▶ **What the task asks**
The listing, minus its pictures, is to be given again exactly.

▶ **Provided material**
+-------+
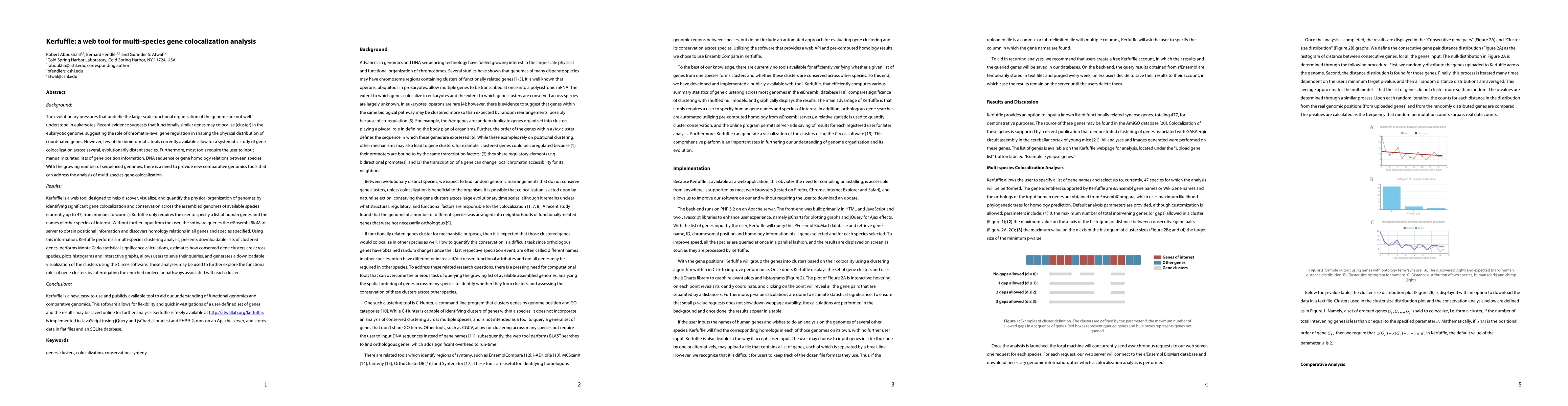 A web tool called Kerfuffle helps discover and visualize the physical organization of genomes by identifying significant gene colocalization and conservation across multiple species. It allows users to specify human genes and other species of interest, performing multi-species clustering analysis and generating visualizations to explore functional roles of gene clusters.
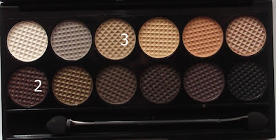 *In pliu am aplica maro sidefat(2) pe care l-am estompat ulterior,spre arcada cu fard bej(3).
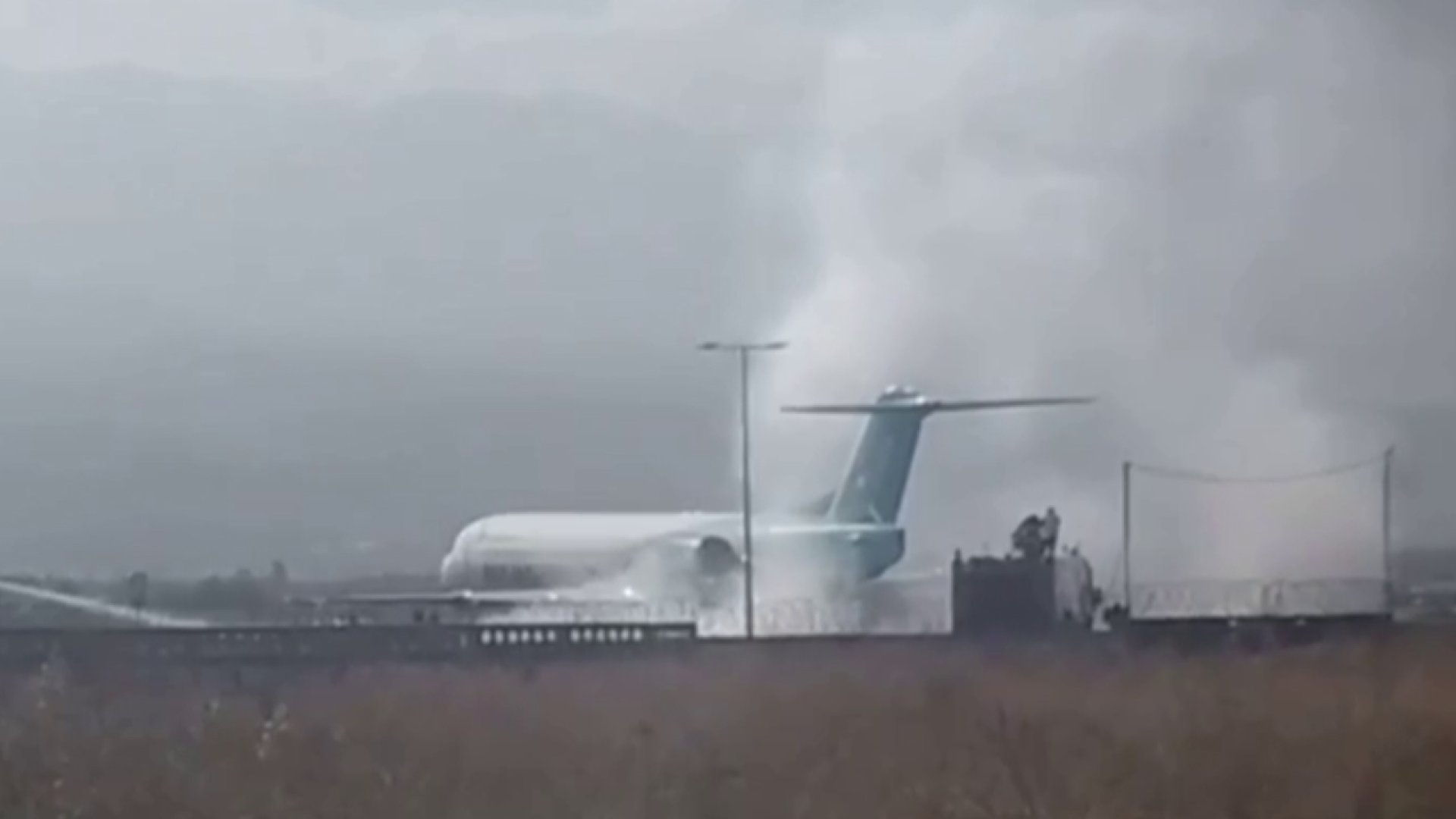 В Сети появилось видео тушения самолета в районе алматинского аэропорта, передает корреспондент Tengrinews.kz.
+-------+
▶ **Completed task**
 A web tool called Kerfuffle helps discover and visualize the physical organization of genomes by identifying significant gene colocalization and conservation across multiple species. It allows users to specify human genes and other species of interest, performing multi-species clustering analysis and generating visualizations to explore functional roles of gene clusters.
 *In pliu am aplica maro sidefat(2) pe care l-am estompat ulterior,spre arcada cu fard bej(3).
 В Сети появилось видео тушения самолета в районе алматинского аэропорта, передает корреспондент Tengrinews.kz.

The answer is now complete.